### Exercise data
__________

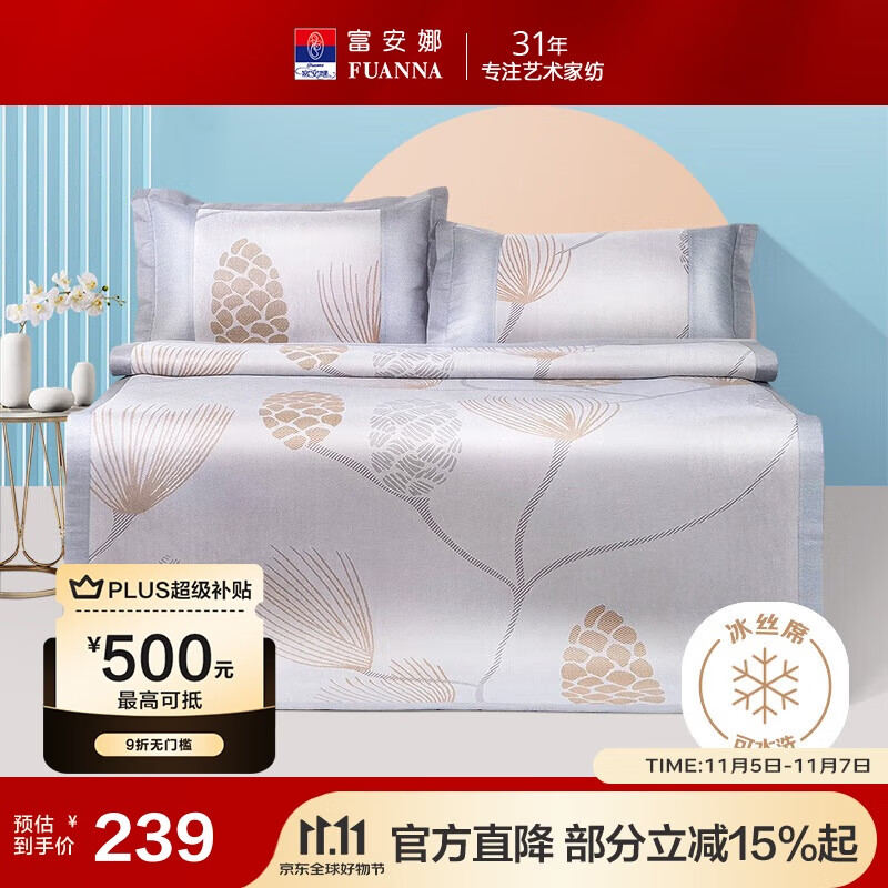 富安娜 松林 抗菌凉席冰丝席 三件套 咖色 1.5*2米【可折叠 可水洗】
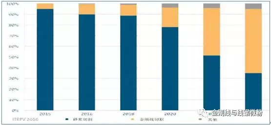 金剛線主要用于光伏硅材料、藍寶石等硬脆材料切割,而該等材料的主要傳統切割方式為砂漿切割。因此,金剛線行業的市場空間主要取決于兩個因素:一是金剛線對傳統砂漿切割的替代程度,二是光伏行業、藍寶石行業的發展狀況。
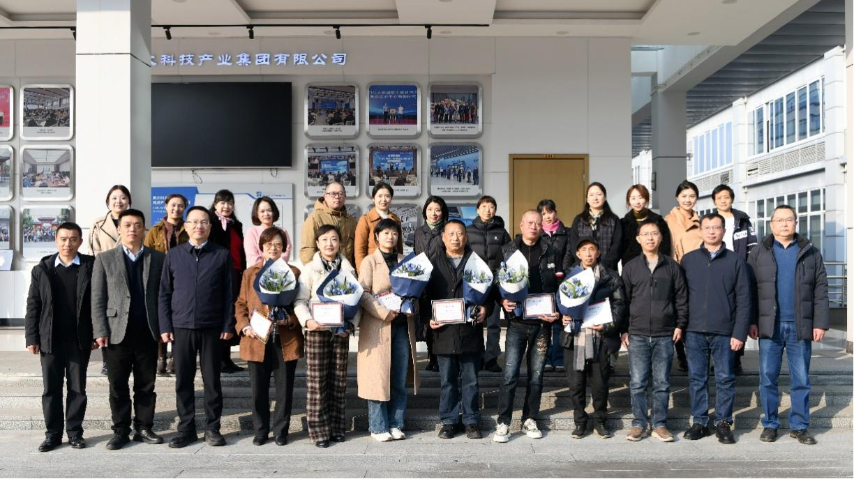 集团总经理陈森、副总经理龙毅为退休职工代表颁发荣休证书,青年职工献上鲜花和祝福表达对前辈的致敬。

__________

### Exercise brief
From the first line to the last, output the data exactly, without the pictures.

### Exercise solution
 富安娜 松林 抗菌凉席冰丝席 三件套 咖色 1.5*2米【可折叠 可水洗】
 金剛線主要用于光伏硅材料、藍寶石等硬脆材料切割,而該等材料的主要傳統切割方式為砂漿切割。因此,金剛線行業的市場空間主要取決于兩個因素:一是金剛線對傳統砂漿切割的替代程度,二是光伏行業、藍寶石行業的發展狀況。
 集团总经理陈森、副总经理龙毅为退休职工代表颁发荣休证书,青年职工献上鲜花和祝福表达对前辈的致敬。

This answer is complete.